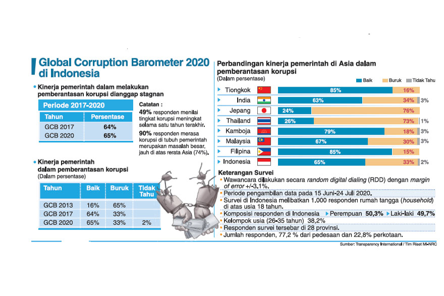 BERBEDA dari riset-riset sebelumnya, pada Global Corruption Barometer Asia 2020 Transparency International memasukkan indikator baru, yakni sextortion.
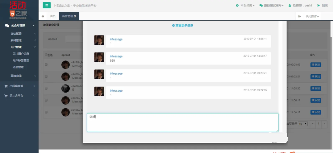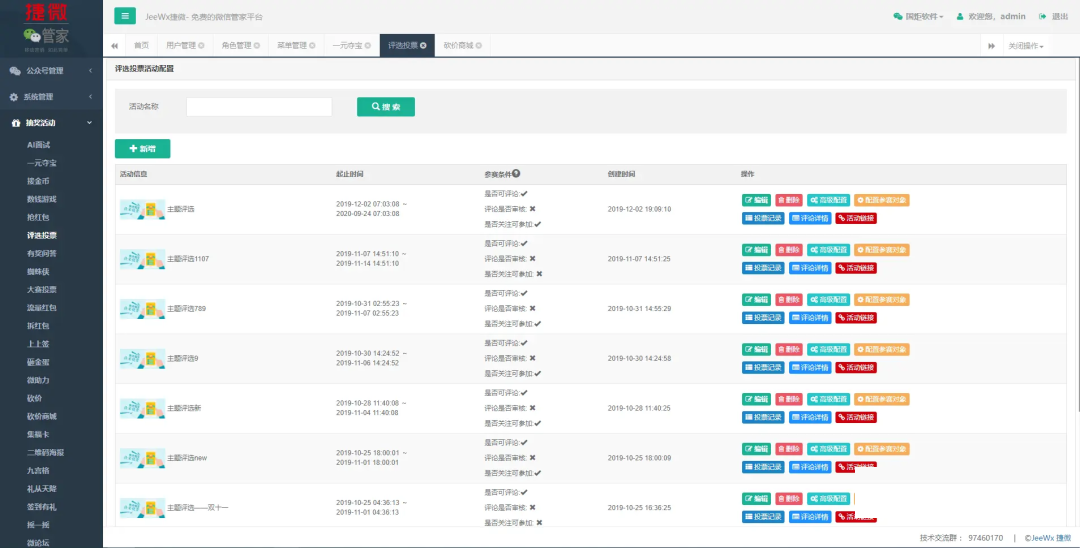 eewxBoot是一款JAVA微信管家平台,支持微信公众号、小程序、微信第三方平台、抽奖活动等。JeewxBoot已经实现了系统权限管理、公众号管理、抽奖活动等基础功能,便于二次开发,可以快速搭建微信应用!
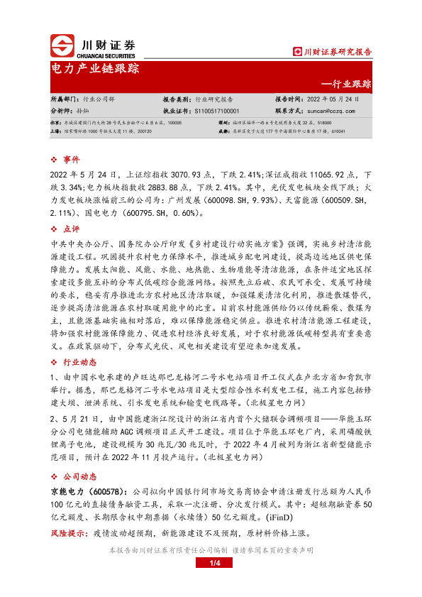 公司融资 市场动态 政策分析 清洁能源 电力产业
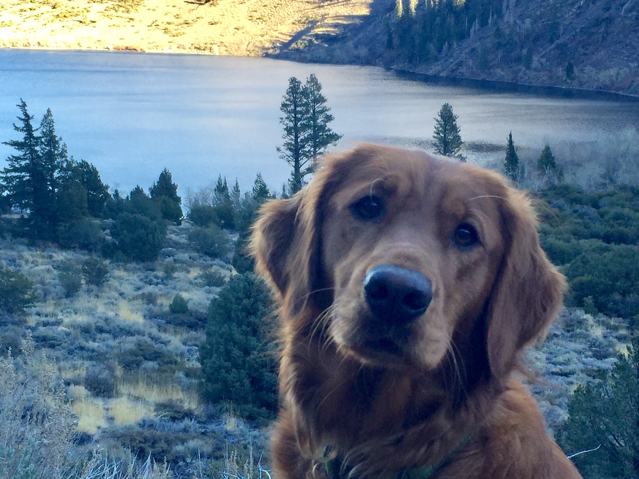 Painting of a golden retriever overlooking a lake and forest.
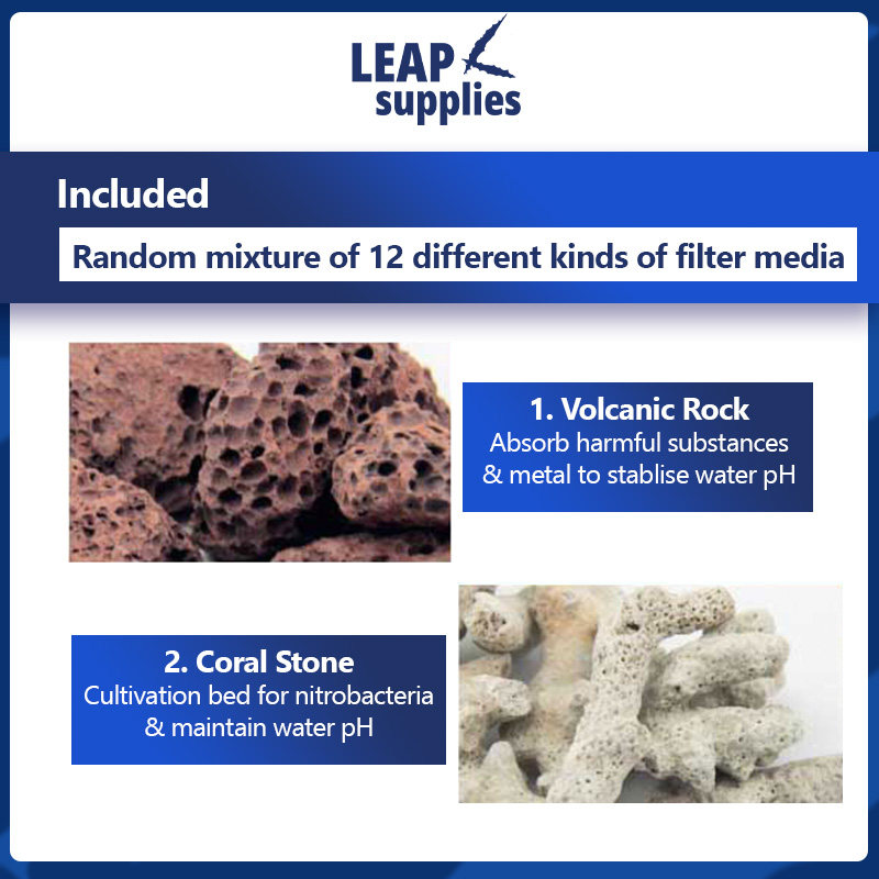 What's better than using bio filter to keep your aquarium tank water crystal clear? This 12-in-1 filter media has various kinds of rocks, such as volcanic rocks and bio rings. It is also an easy way to cultivate beneficial bacteria, being a bacteria house. Keep healthy pet fishes with the 12-in-1 filter media.

- - - - - - -

▸ PROBLEM DETAILS:
Return exactly, and only, the lines that run from the line containing "公司融资 市场动态 政策分析 清洁能源 电力产业" to the last line of the entries above, both ends included, with pictures left out.

▸ TASK RESULT:
 公司融资 市场动态 政策分析 清洁能源 电力产业
 Painting of a golden retriever overlooking a lake and forest.
 What's better than using bio filter to keep your aquarium tank water crystal clear? This 12-in-1 filter media has various kinds of rocks, such as volcanic rocks and bio rings. It is also an easy way to cultivate beneficial bacteria, being a bacteria house. Keep healthy pet fishes with the 12-in-1 filter media.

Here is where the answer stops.